Fun Stuff > CHATTER
miscellaneous musings
SubaruStephen:
It's not how much $ they make, it's how they make it that chaps my ass. I'm talking about shit like this: http://en.m.wikipedia.org/wiki/Kids_for_cash_scandal
--- Quote from: GarandMarine on 07 Dec 2014, 15:36 ---"Well, when there aren’t enough criminals one makes them"
--- End quote ---
If a FPP doesn't meet a quota of prisoners, they lose their operating license. They certainly don't want law abiding citizens, that's bad for business.

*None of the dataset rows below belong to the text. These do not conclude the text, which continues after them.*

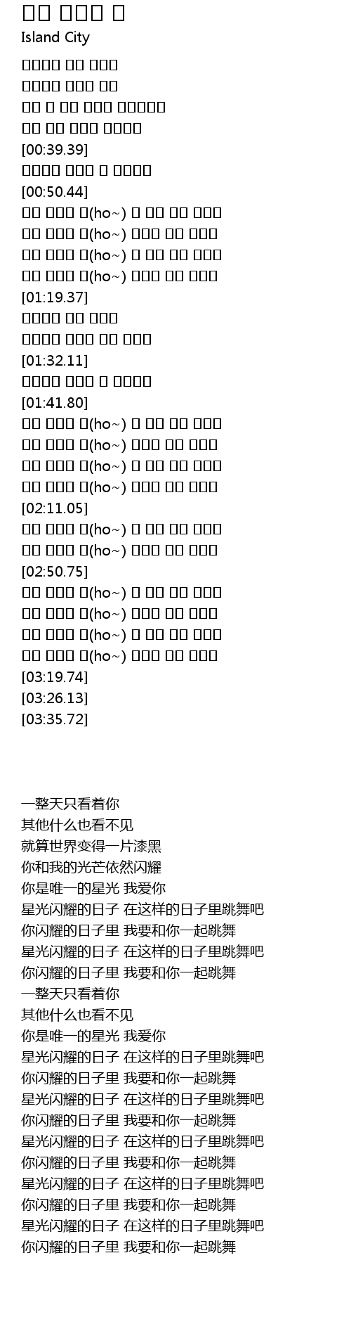 | [03:04.78] | 별이 빛나는 날(ho~) 이 날에 춤을 춰봐요 |
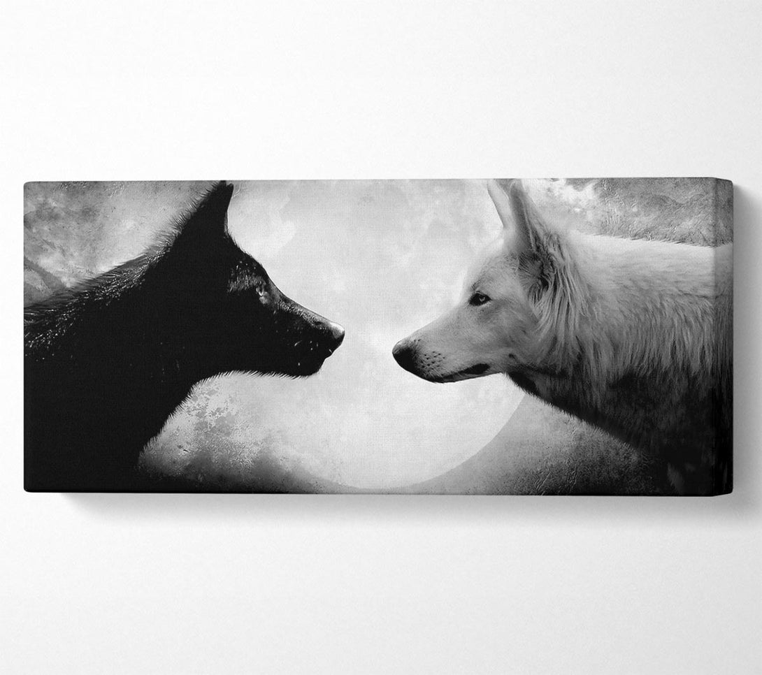 Leinwandbild „Moonlit Wolves“, gedruckt auf beschichteter Polyester-Leinwand. Auf einem 44 mm großen Kastenrahmen montiert, fertig zum Aufhängen.
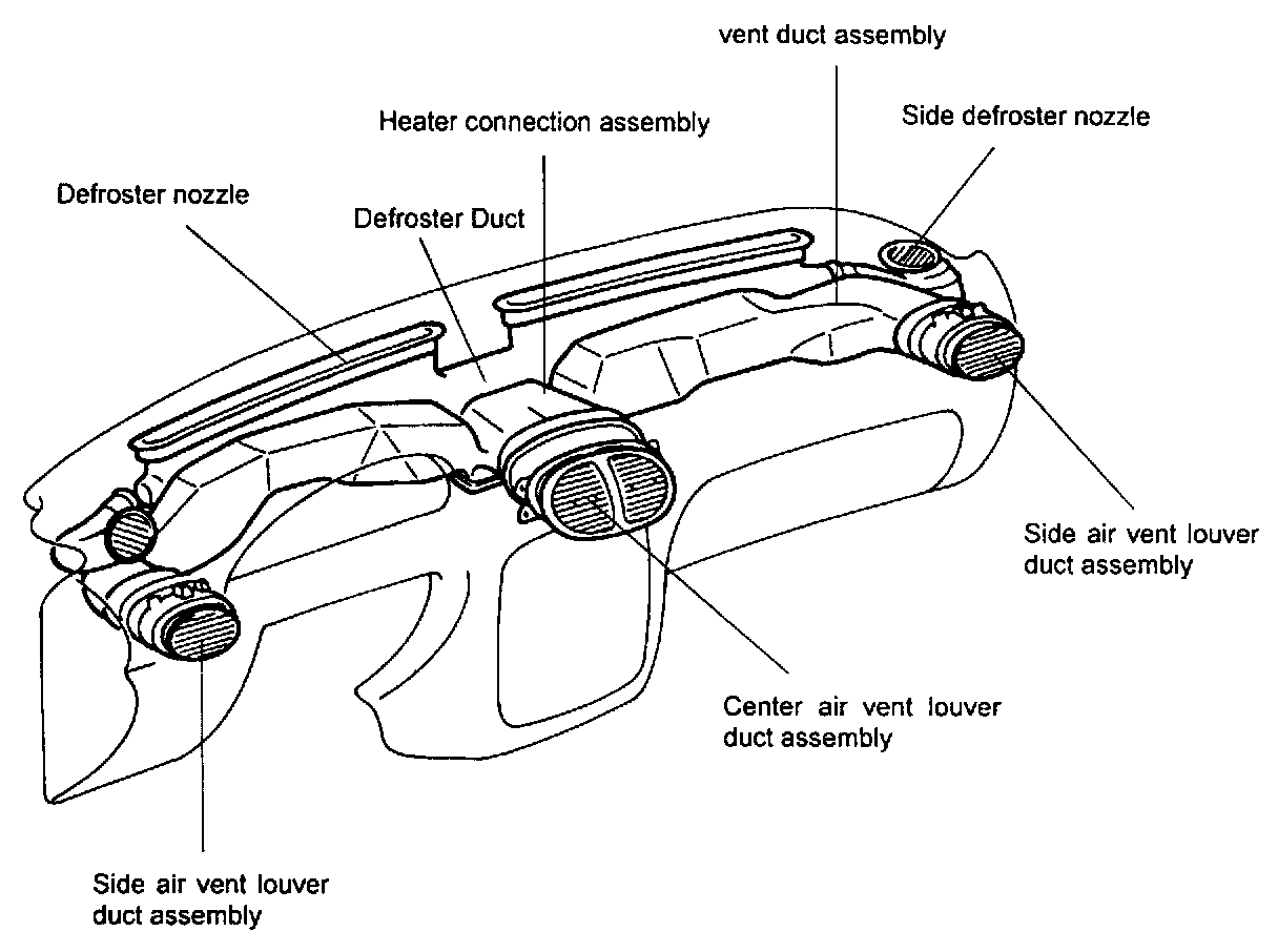 3. Detach the defroster nozzle assembly, and then the defroster hose and the side defroster nozzle.
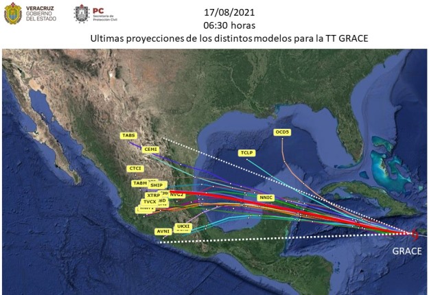 Xalapa, Ver.- Ultimas proyecciones de trayectoria de los distintos modelos para la Tormenta Tropical Grace; nuevamente se separan cuando se movería sobre aguas del Golfo de México, inclinándose más hacia el estado de Veracruz.
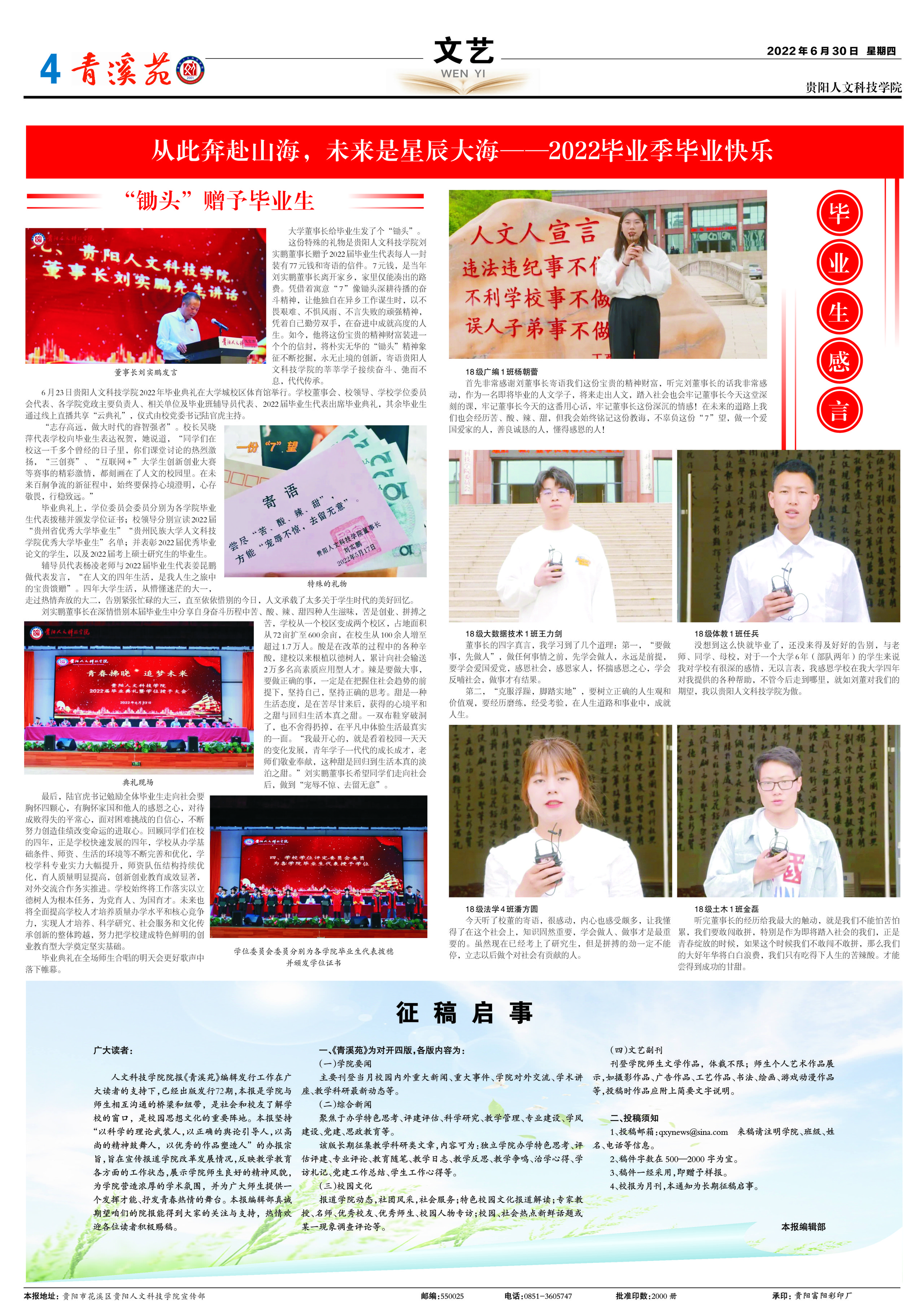来稿请注明:学院、班级、姓名、电话等信息。稿件字数在500—4000字为宜,稿件一经采用,即赠予样报,校报为月刊,本报长期征稿。

And I agree with you on Asset "Forfeiture", that's just theft-by-cop masquerading as legal action.
GarandMarine:
Symptoms of the same issue my man.
Akima:
--- Quote from: GarandMarine on 07 Dec 2014, 20:23 ---Subaru, the money they make is peanuts compared to the revenue generated by the state via their enforcement arm.
--- End quote ---
Which is a bad idea. From last weeks edition of The Economist:
--- Quote ---In Ferguson, bad policies help to explain why distrust turns to anger. Take, for example, the way the town is financed. In 2013 a fifth of Ferguson’s general revenues—some $2.6m, in a city of 21,000 people—were derived from fines and asset confiscation. That is equivalent to $124 a year for every man, woman and child in the city. Paying fines, even for minor traffic offences, can involve queuing for hours. Those who miss court dates can be jailed until they pay, accumulating more fines along the way. Slowly but surely, the justice system has become an elaborate mechanism for criminalising poverty.
--- End quote ---
And where poverty is closely correlated with race... :-(
GarandMarine:
The quote is correct, it's scope is too small though. It's about criminalising all of us and fleecing us for even more money, and in turn makes everyone affected (i.e. everyone except those wealthy enough to swat away the petty nibbles of the justice system and the elite who don't care) poorer and poorer as the boot heel boots a little more pressure down. Thus returning us to Ms. Rand's quote.
94ssd:
A friend of mine recently pointed out to me that Shakespeare's lead characters often have somewhere else to be during most of Act IV so that the actor can have a break.
Romeo spends Act IV in Mantua. Hamlet, save for a brief scene, is in England. Macbeth has the witch's prophecy scene at the beginning but then the rest of the act is at Duncan's castle and about half of Act V is without him as well.